La classification décrite ci-dessus ne concerne que les hydrocarbures « conventionnels », c’est à dire  accumulés dans un réservoir à la faveur d’un piège. Sont regroupés sous le terme « non conventionnels » tous les hydrocarbures naturels (pétrole ou gaz naturel) dont l’accumulation n’est pas liée à la présence d’un piège et pour lesquels l’exploitation diffère des méthodes conventionnelles :

  • Les sables bitumineux et asphaltiques (oil sands, tar sands)
  • Le pétrole de roche mère (shale oil).
  • Le gaz de charbon (coal bed methane).
  • Le gaz de fond de bassin (basin centered gas)

 

Les méthodes classiques d’évaluation de réserves ne s’appliquent pas à ces fluides dont le périmètre d’extension et donc le volume ne peuvent-être définis précisément et dont le taux de récupération n’est pas contraint par manque d’analogues matures.

A ce stade, les seuls chiffres crédibles sont les volumes produits. Dans les périmètres en production, il est difficile de parler de réserves et les valeurs de ressources contingentes paraissent être les seules à retenir. En effet, les critères économiques de cette activité ne sont pas encore stabilisés et donc la commercialité des volumes disponibles varient rapidement au cours du temps. Aux Etats Unis  par exemple, le prix du gaz naturel a été divisé par quatre en quelques années,  ce qui a entraîné l’arrêt des productions les moins rentables. En ce qui concerne, les ressources prospectives, les incertitudes sont énormes car les connaissances géologiques locales sont souvent très  parcellaires et l’efficacité des technologies de production n’est pas  calibrée en ce qui concerne par exemple les pétroles et gaz de roche mère et le gaz de charbon.

Néanmoins,  des volumes limités de pétrole contenus dans des sables bitumineux nord-américains ont été récemment introduits dans les bilans mondiaux de réserves. Compte tenu de la spécificité de ces exploitations et des volumes considérables qu’ils représentent, il est nécessaire de vérifier si les bilans présentés prennent ou non en compte ces volumes particuliers.

 

Volumes complémentaires

Pour ce qui est des hydrocarbures liquides, il faut signaler l’apport, à ce jour hors bilans,  des productions de « pétrole synthétique » issu de processus actifs ou à venir : BTL (biomass to liquids), GTL  (gas to liquids), CTL (coal to liquids), STL (shale to liquids) ou HTL (hydrogen to liquids).
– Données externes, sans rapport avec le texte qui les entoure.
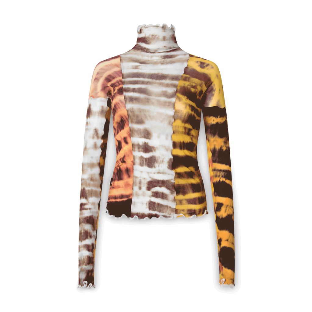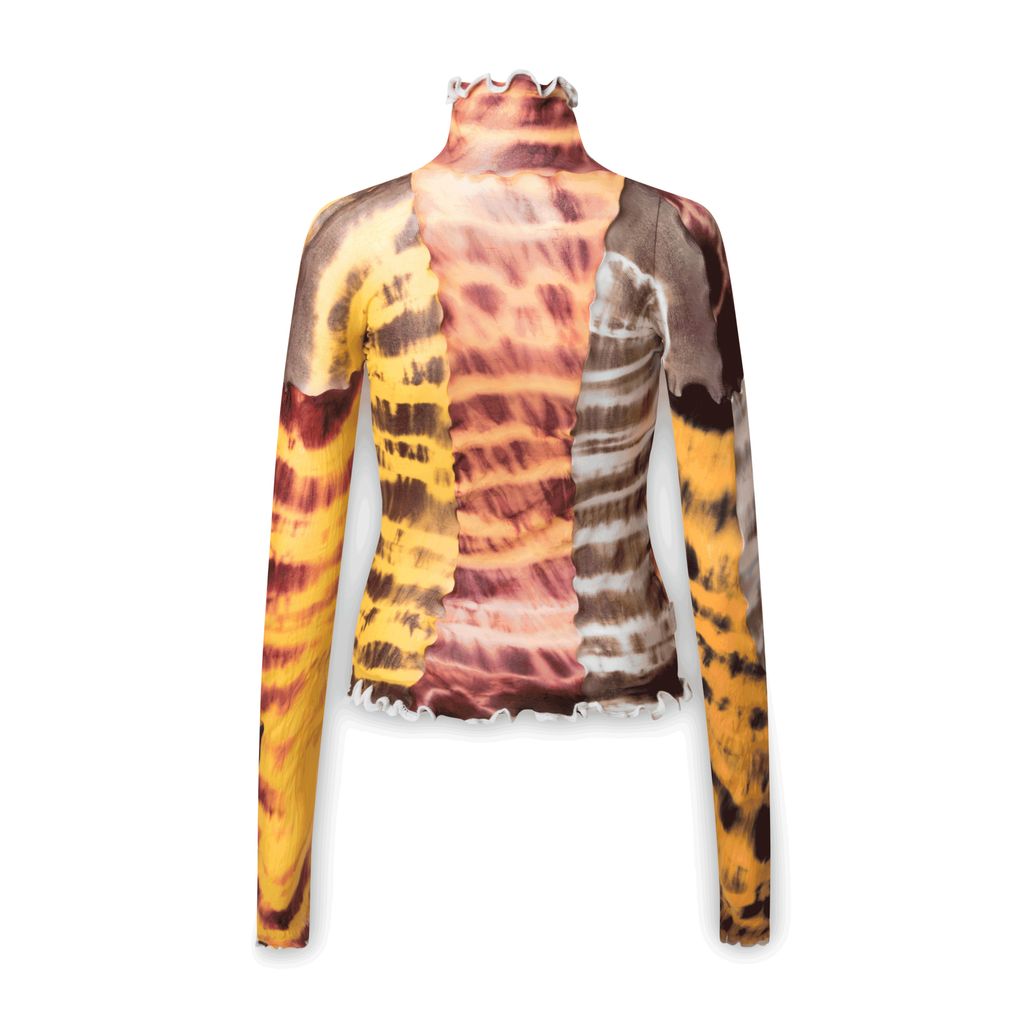 ASAI black & orange hot wok turtleneck in brown features sheer fabric and ruffles at the edges.
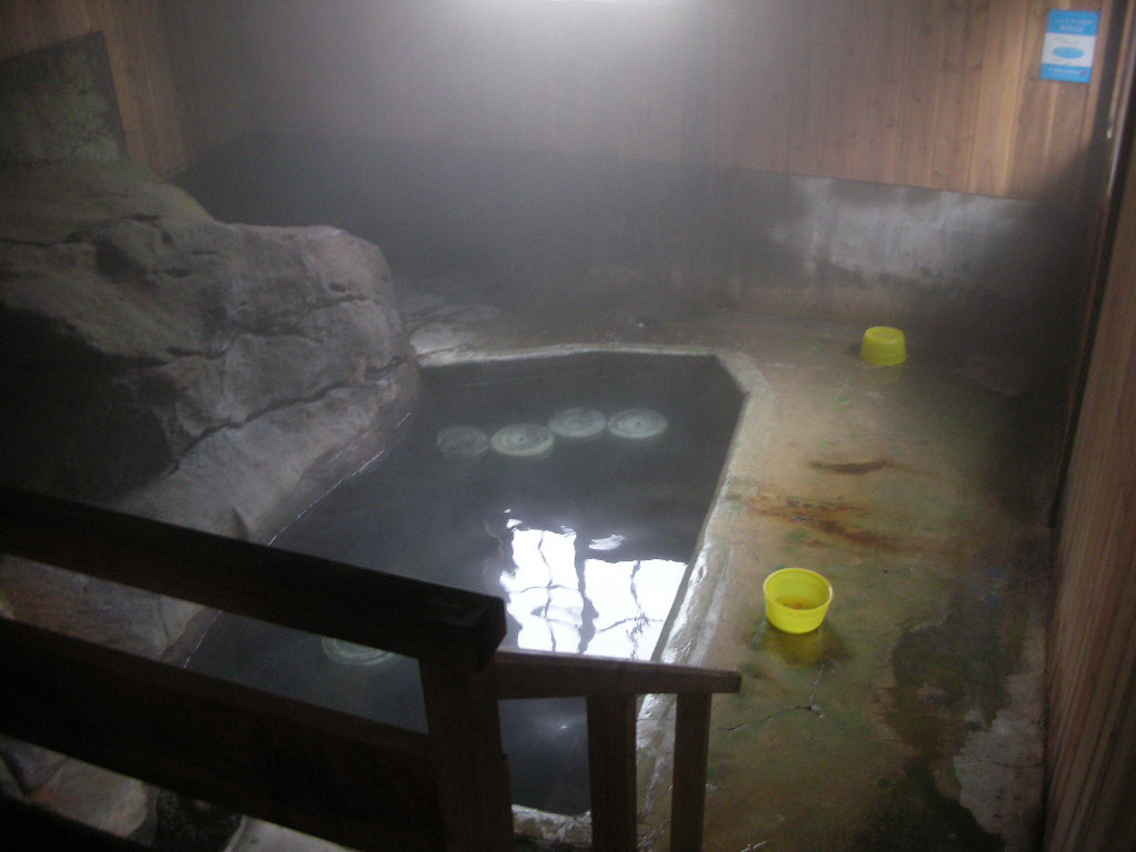 唐子の湯も石の湯も浴室内の壁は板張りだが、床はコンクリートを打っただけ。湯船に湛えられた温泉は、ほぼ無色透明で、わずかに白い湯の花が舞っている。しかしその成分によって床は緑や茶に変色し、素っ気ない浴室に味わいを添えている。薄暗い室内にはまぶしいくらいの日が射しこみ、陰影が鄙びた雰囲気をより一層濃くしている。湯船の底には「腰掛けるために使え」ということなのだろうか、重り石やコンクリートブロックが沈んでいる。きれいに並んでいるとは言えない感じが、なんとも微笑ましい。
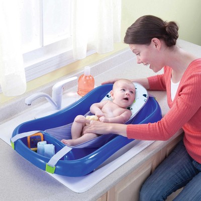 Introduce your baby to soothing baths with a secure sling that safely cradles their tiny body and supports their neck and head. The first years sure comfort deluxe newborn to toddler tub. It offers four stages to grow with your baby.
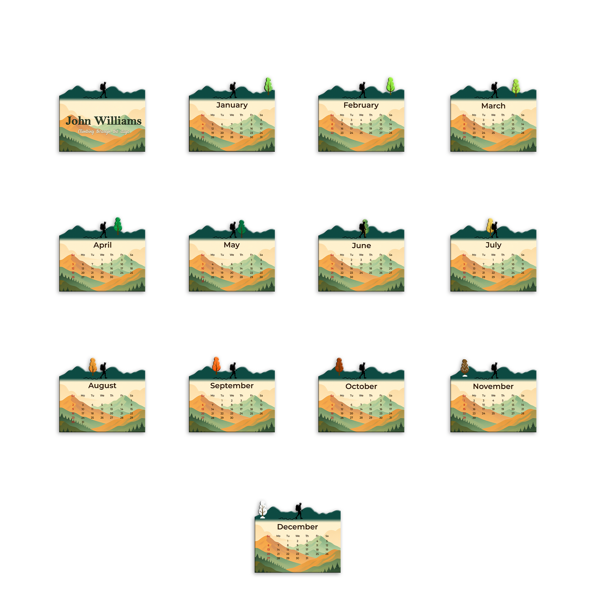 Custom Name Calendar 2026 with Wooden Stand – Personalized Adventure Desk Calendar - Climbing Through The Days
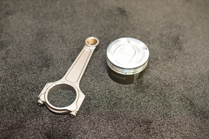 cp-e was also showing off their new forged rods and pistons, which are being produced by Manley, and will be available through cp-e soon. The prototypes for those parts were installed on the display engine at the show, and there were a few available for viewing as well.cp-e developed a special manifold for the ST, all EcoBoost four-cylinders, use an integrated manifold design on the cylinder head, the exhaust merge is built to the cylinder head, and fed to the turbo. There is a bolt on flange, that acts as a manifold to the turbo. cp-e’s version is made from 304 cast stainless steel. It features and oversized opening on the cylinder head side, so that if owners decide to have some cylinder head porting done to increase exhaust flow, the part should match.
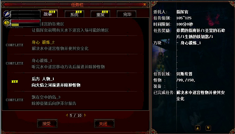 For example: the repeatable quest (Figure2) "Abyss of Sunken Dungeon Clearance" is triggered by completing the story quest (Figure3) "Body and Mind Training 2". Once the story quest is completed once, the repeatable quest can be done repeatedly. Each time this quest is completed, a 1st job change level 108 character can get an additional 26 experience points, level 118 can get 6 points, levels 119 and 120 can get 5 points. This experience is directly added to the character. Some quests have time limits on the number of completions and can only be completed once per day.
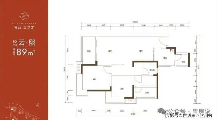 89㎡的3房2厅1卫,E2户型,设计的是竖厅格局,客厅3.6米开间,LDKB一体化设计,3个卧室分别做到了主卧13.5㎡/次卧9.54㎡/次卧8.1㎡(含墙体飘窗),L型厨房还带1个小生活阳台,卫生间三段式分离,得房率:79.89%(不含赠送),东南/西南或正南朝向。
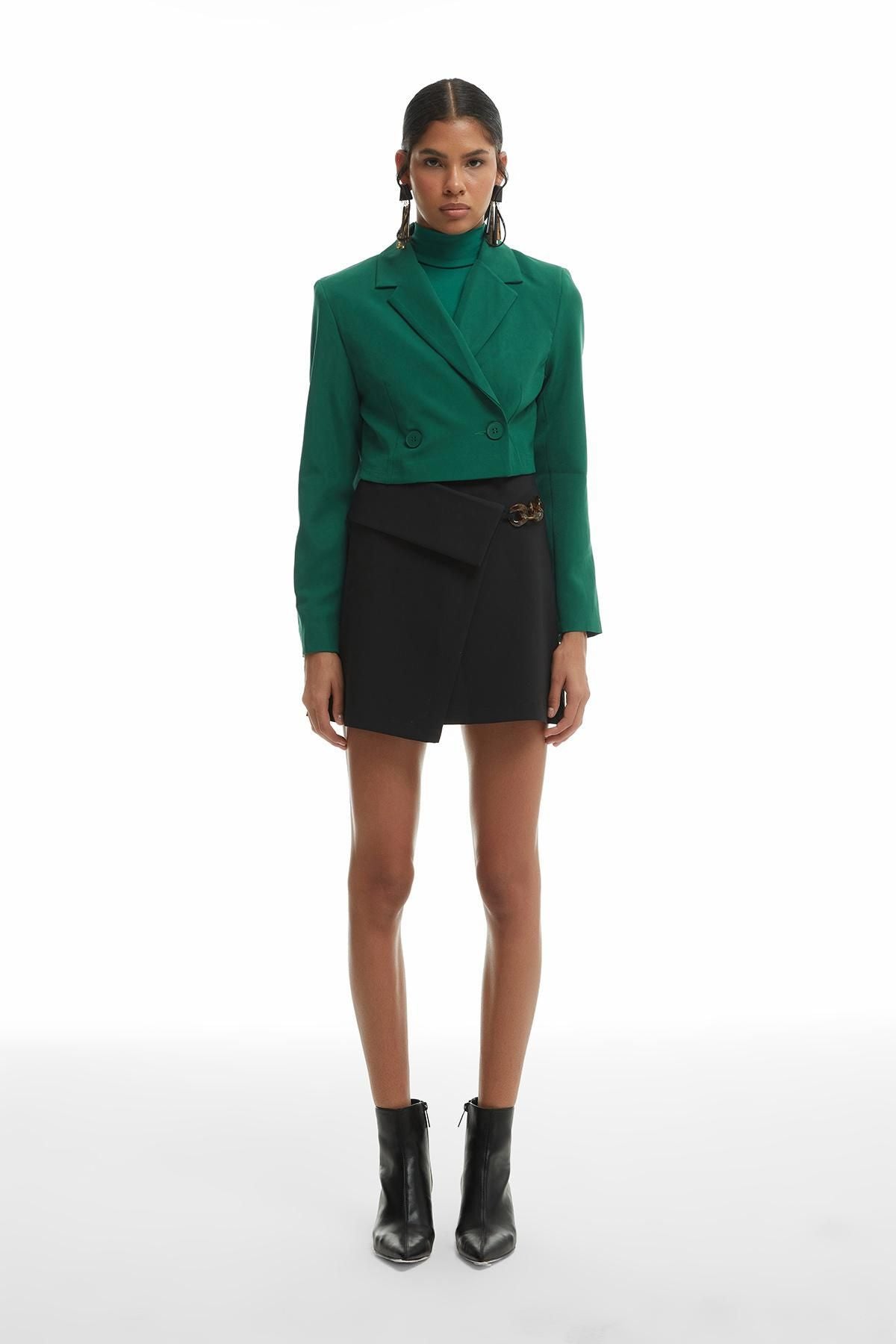 Double Breasted Crop Blazer Jacket Dark Green
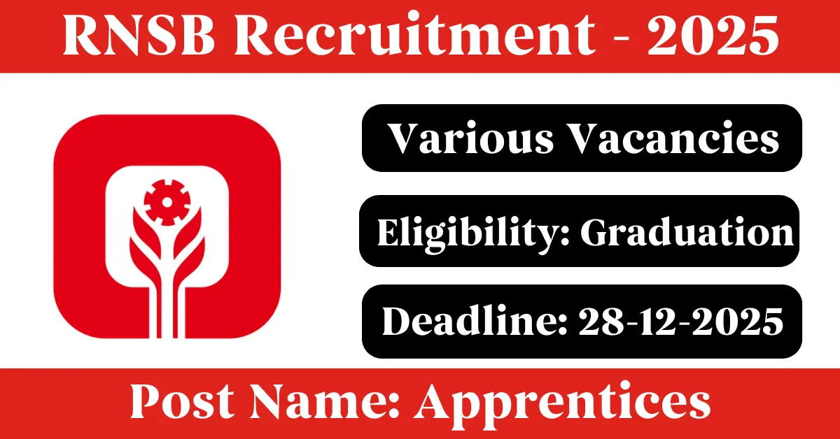 RNSB Recruitment 2025: Apply for Various Apprentices vacancies. Rajkot Nagarik Sahakari Bank Ltd invited applications from eligible and interested candidates to fill up Apprentices Posts through RNSB official notification December 2025. Job seekers who are looking for a career in Rajkot – Gujarat Government can make use of this opportunity. Interested candidates can Apply Online on or before 28-Dec-2025
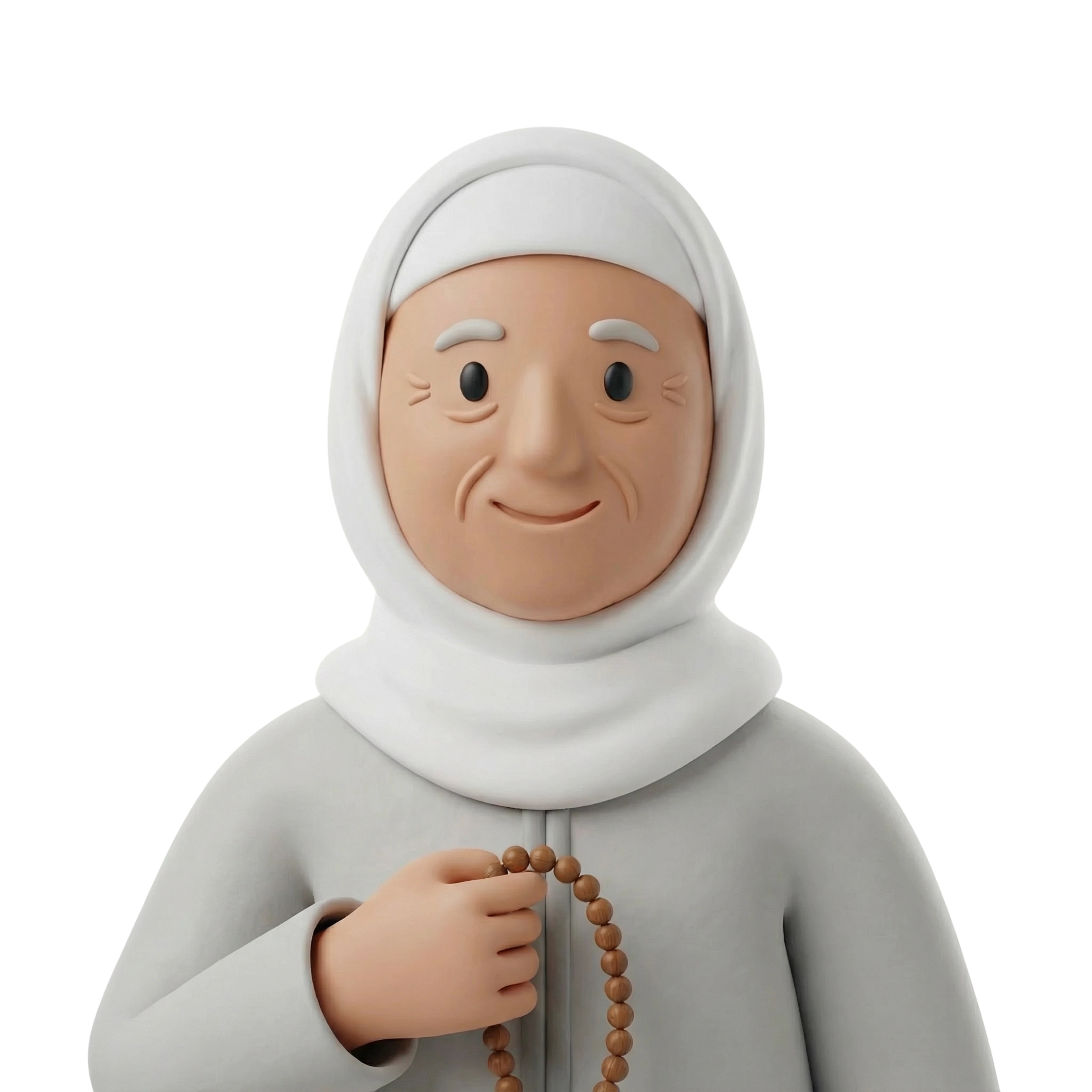 جدة حنونة تحمل مسبحة، تعكس روحانية عالية وقيم الأسرة التقليدية في ثقافة الخليج.

Dans le champ des ressources prospectives de gaz , on peut citer les hydrates de gaz. Ces hydrocarbures, qui représentent des volumes de ressources prospectives énormes mais très mal définis, ne sont pas pris en compte car les  processus de production ne sont pas encore maîtrisés et sont éloignés des critères économiques retenus par l’industrie. Néanmoins,  on notera que les japonais ont procédé, en 2013, à la première production « longue durée » de ce type d’hydrocarbures ce qui peut laisser envisager une évolution dans la gestion de ces ressources à terme.

 

Conclusion

A ce jour les chiffres les plus crédibles de réserves d’hydrocarbures correspondent à une quarantaine d’années de consommation mondiale au rythme actuel pour le pétrole et à plus de 60 ans pour le gaz.

Mais les variations liées à des critères techniques, technologiques, économiques, contractuels ou  politiques  ont des impacts directs sur le calcul des réserves qui est parfois déconnecté de la présence physique des volumes en terre.

A ces limites, s’ajoutent les variations liées aux erreurs ou approximations dans les processus de consolidation.

Par ailleurs, les volumes associés aux hydrocarbures « non conventionnels » et « synthétiques » ne sont pas ou peu pris en compte bien qu’ils soient perçus comme significatifs.

Il est donc difficile de présenter un bilan précis des réserves et ressources mondiales en hydrocarbures et de fait d’en tirer des perspectives pour les décennies à venir.